Se la situazione lungo i confini occidentali della Turchia e in Grecia costituiscono un elemento di forte preoccupazione, la catastrofe umanitaria in corso nella Siria nord occidentale, dove 950.000 sfollati interni sono bloccati nel territorio di Idlib, è un’emergenza altrettanto pressante.

«Da giorni Idlib è sotto attacco, ci sono decine di morti e centinaia di feriti - racconta Cristian Reynders, coordinatore delle operazioni di soccorso di Medici Senza Frontiere per la Siria nord- occidentale - Sono state colpite aree densamente popolate da civili, due scuole e due asili che ospitavano famiglie sfollate.
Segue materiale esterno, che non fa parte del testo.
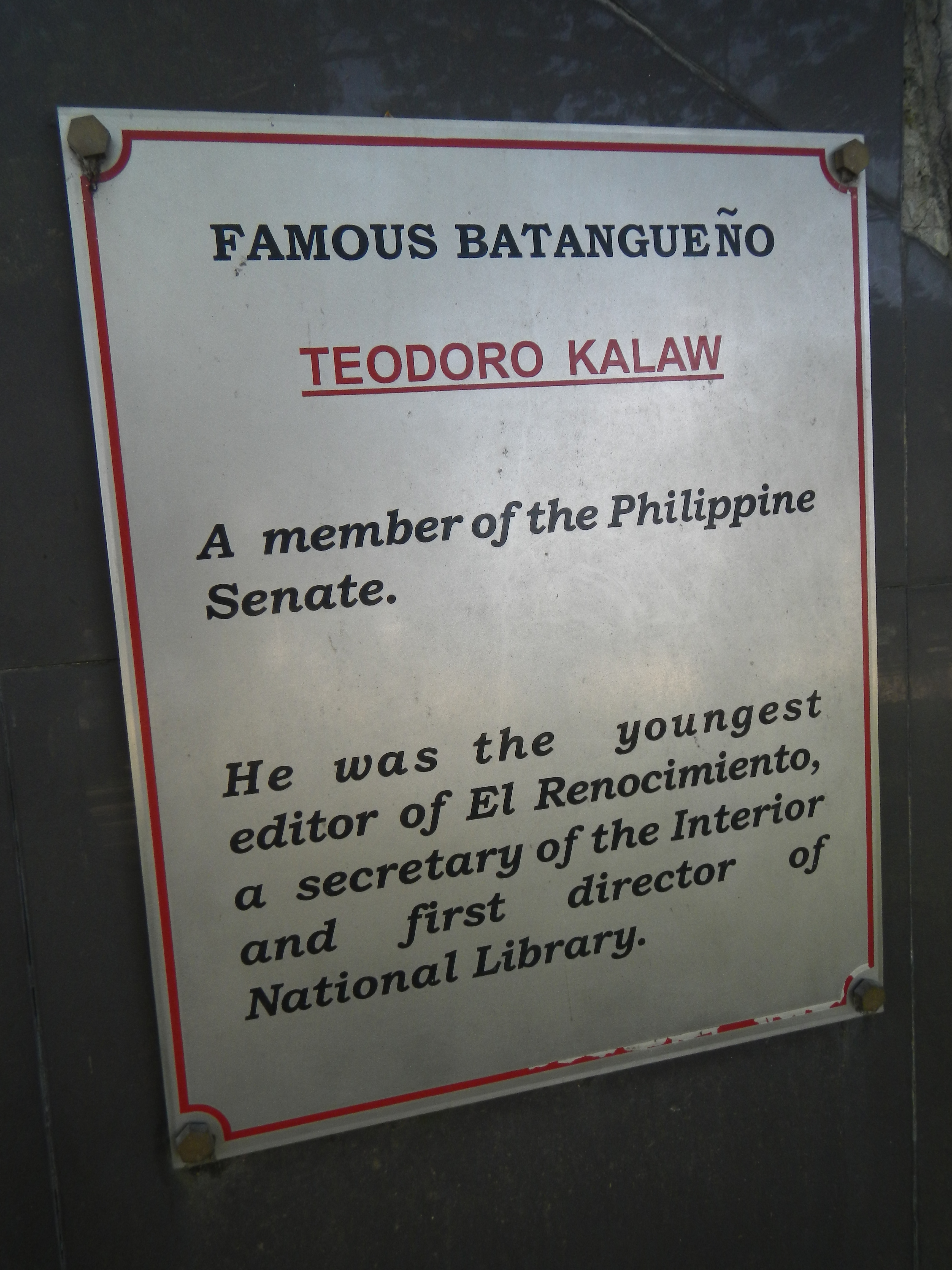 Upload Wizard photos -- (general description of landmarkds, town, church) -Historical Park and Laurel Park - (man-made parks at the Provincial Capitol Complex in Barangay Kumintang Ibaba - with a Multi-Purpose Center used as basketball court, volleyball court and dormitory, for a seminar and meeting venues; the sculpture work entitled "Diwa ng Batangeuno" done in bronze/steel by Ed Castrillo portrays the vitues of the Batanguenos such as nobility, industriousness, beauty and wisdom[1]) - Monuments, Busts of - Maria Orosa[2] Maria Orosa e Ylagan; Claro M. Recto[3]; Dr. Baldomero Roxas [4]; Feliciano Leviste[5]; Dr. Deogracias V. Villadolid - Profiles of Filipino Fisheries Scientists - University of the Philippines Los Baños Limnological Research Station[6]; Jose Diokno[7] - at the - Batangas [8] Provincial Capitol [9] Coordinates: 13°45'55"N 121°3'50"E Batangas City (the largest and capital city of the Province of Batangas, the "Industrial Port City of Calabarzon", 2010 census, the city has a population of 305,607 people).
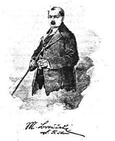 Viktor Oliva: Ilustration of "Mr. Brouček's Trip to the Moon" (by Svatopluk Čech)

Gli operatori di tre ospedali supportati da MSF vicino alla linea del fronte lavorano giorno e notte per assistere le ondate di feriti, molti arrivano in fin di vita. Altri già morti. Un’alta percentuale di feriti gravi sono bambini» conclude sconfortato Reynders. A denunciare attacchi indiscriminati sui civili nel governatorato di Idlib, oltre Msf, è anche l’Osservatorio nazionale per i diritti umani in Siria che attraverso un portavoce afferma che la nuova campagna di bombardamenti sulla popolazione inerme sia riconducibile all’esercito di Damasco e ai suoi alleati russi.
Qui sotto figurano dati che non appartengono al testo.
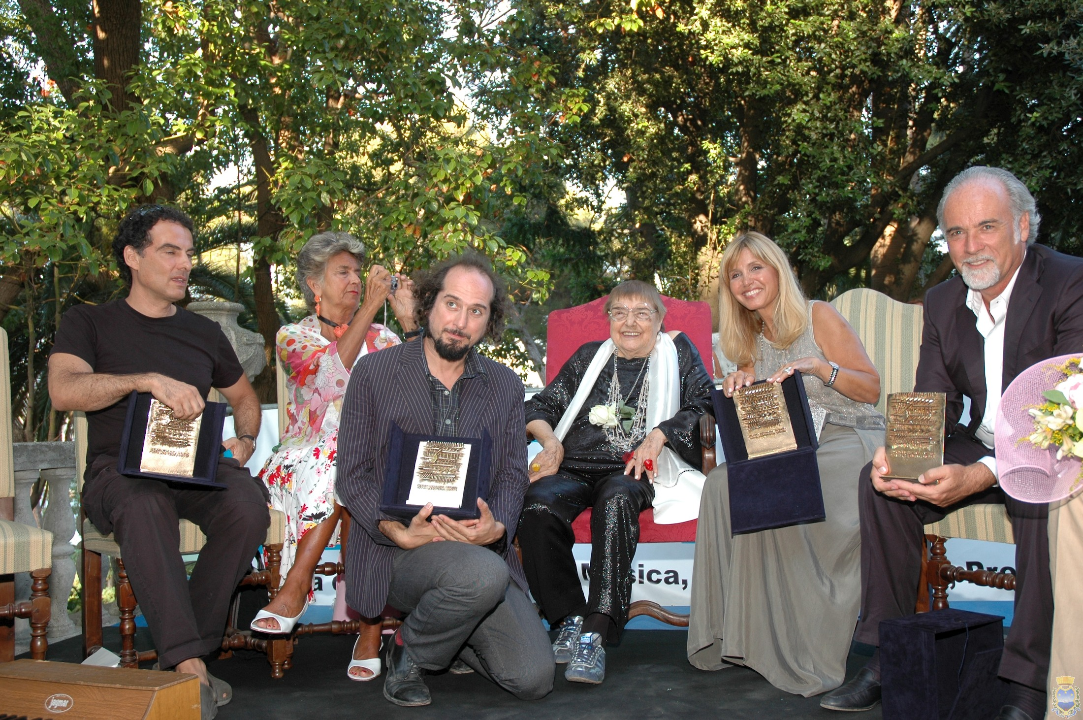 Andrea De Carlo, Fiorella Minervino, Vinicio Capossela, Fernanda Pivano, Dori Ghezzi, Antonio Ricci

La fragile tregua in Siria è stata violata da tutte le parti in conflitto. Sono state registrate almeno 40 violazioni del cessate il fuoco solo nelle ultime 36 ore.
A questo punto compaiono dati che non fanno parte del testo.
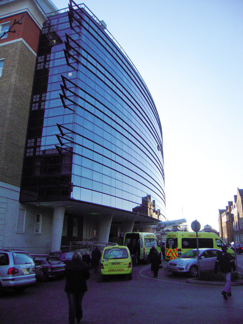 Golden Jubilee Wing, Kings College Hospital Golden Jubilee Wing and entrance to KCH (from Bessemer Road)
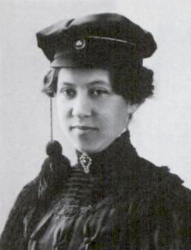 Ellen Gleditsch (December 29, 1879 - June 5, 1968) graduation photo

Un ulteriore fronte sta provocando un flusso di sfollati provenienti dal lato siriano delle Alture del Golan, zona dove sono operativi miliziani filo- iraniani, che combattono accanto alle truppe di Assad, obiettivi di raid israeliani.

Le operazioni militari nell’area vanno avanti da giorni, secondo l'Osservatorio siriano. Almeno tre gli attacchi registrati nei pressi della località di Hader da venerdì.

La settimana scorsa in una delle incursioni di Israele, che aveva lo scopo di uccidere un esponente di spicco del movimento sciita libanese filo- iraniano Hezbollah, identificato come Imad Tawil, è stata coinvolta anche un'auto civile, colpita da un missile terra - terra sparato dal territorio del Golan in direzione sud- ovest della Siria.

Una situazione sempre più complessa quella sul terreno siriano che vede milioni di persone in fuga. Non solo sfollati dal conflitto ma anche ex miliziani di Daesh che potrebbero rientrare nei paesi di origine.

Il rischio di un ripiegamento di combattenti in fuga dai teatri di guerra dello Stato islamico potrebbe riguardare anche l’Italia. A confermarlo la nostra intelligence che ritiene possibile l’ingresso, o quanto meno il transito nel nostro Paese di «stranieri connessi ad attori terroristici». La Relazione sulla politica dell'informazione per la sicurezza 2019 presentata ieri in Parlamento. Non lascia adito a dubbi Un allarme concreto quello lanciato dai nostri servizi, che monitorano da tempo la situazione, che forse meriterebbe molta più attenzione di quanto sia stato finora.

Ma in queste ultime settimane l’unica emergenza al centro dell’interesse politico resta il contenimento del Covid- 19.